Understanding when and how to apply the sliding window technique comes with practice. It’s often used in conjunction with other data structures like hashmaps or heaps, depending on the problem’s requirements.

## Steps to use Sliding Window

The sliding window technique, often implemented using fast and slow pointers, is a powerful method for solving many coding problems, especially those involving arrays or strings. Here’s a general step-by-step approach to use this technique:

### 1. Understand the Problem

- Clearly define what the problem is asking.
- Identify if the problem is about finding a subarray or substring with certain properties (like a maximum sum, minimum length, or a specific number of distinct characters).

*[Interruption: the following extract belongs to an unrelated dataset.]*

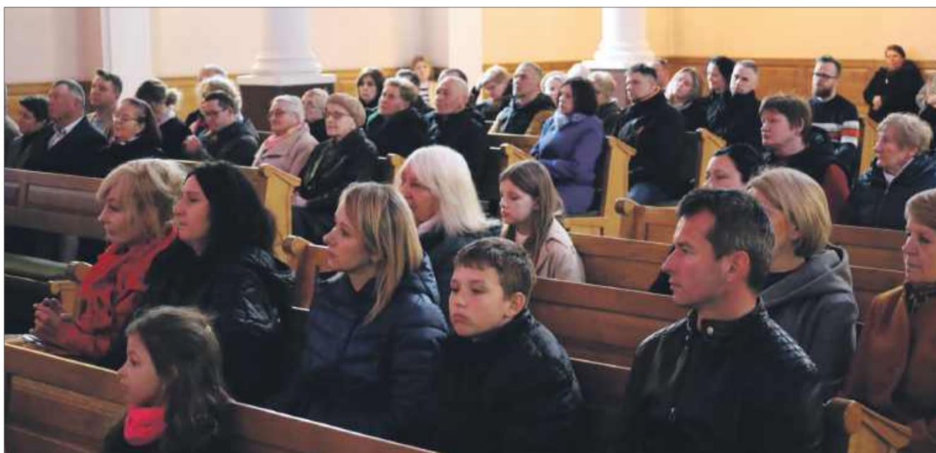
Wierni zgromadzili się w świątyni po mszy.

### 2. Decide on Window Type

- Determine if a fixed-size or variable-size window is needed.
**Fixed-size window**: Used when you’re asked to find something about subarrays or substrings of a specific length.**Variable-size window**: Used when the size of the subarray or substring isn’t specified and can vary.

### 3. Initialize Pointers and Other Variables

- Initialize the
`start`

(slow pointer) and`end`

(fast pointer) to the beginning of the array or string. - Initialize other necessary variables (like sum, count, hashmap for characters, etc.) based on the problem requirements.

### 4. Expand the Window

- Gradually increase the size of the window by moving the
`end`

pointer. - Update variables (like sum, count, hashmap) with each new element included in the window.

### 5. Shrink the Window (for variable-size window)

- Once the condition is met (e.g., sum exceeds a value, the count of distinct characters exceeds a limit), start shrinking the window.
- This involves moving the
`start`

pointer forward (and updating variables accordingly) until the window no longer satisfies the condition. - The goal is often to find the optimal window size that meets the problem criteria (e.g., smallest subarray with a sum greater than a target).

### 6. Update the Solution

- After each expansion or shrinking, update your solution variable (like max/min length, max sum, or substring itself).

### 7. Repeat Until the End

- Continue expanding and/or shrinking the window until the
`end`

pointer reaches the end of the array or string.

### 8. Return the Result

- After the loop, return the solution variable as the answer.

### Tips

- Be cautious about edge cases (like empty arrays or strings).
- Pay attention to the initialization and updating of variables.
- Understand when to use a fixed-size versus a variable-size window.
- Think about the implications of array/string elements being negative, zero, or positive.
- Practice different problems to get comfortable with various scenarios and requirements.

Applying the sliding window technique effectively requires both understanding the core concept and practicing a variety of problems to gain familiarity with different use cases and nuances.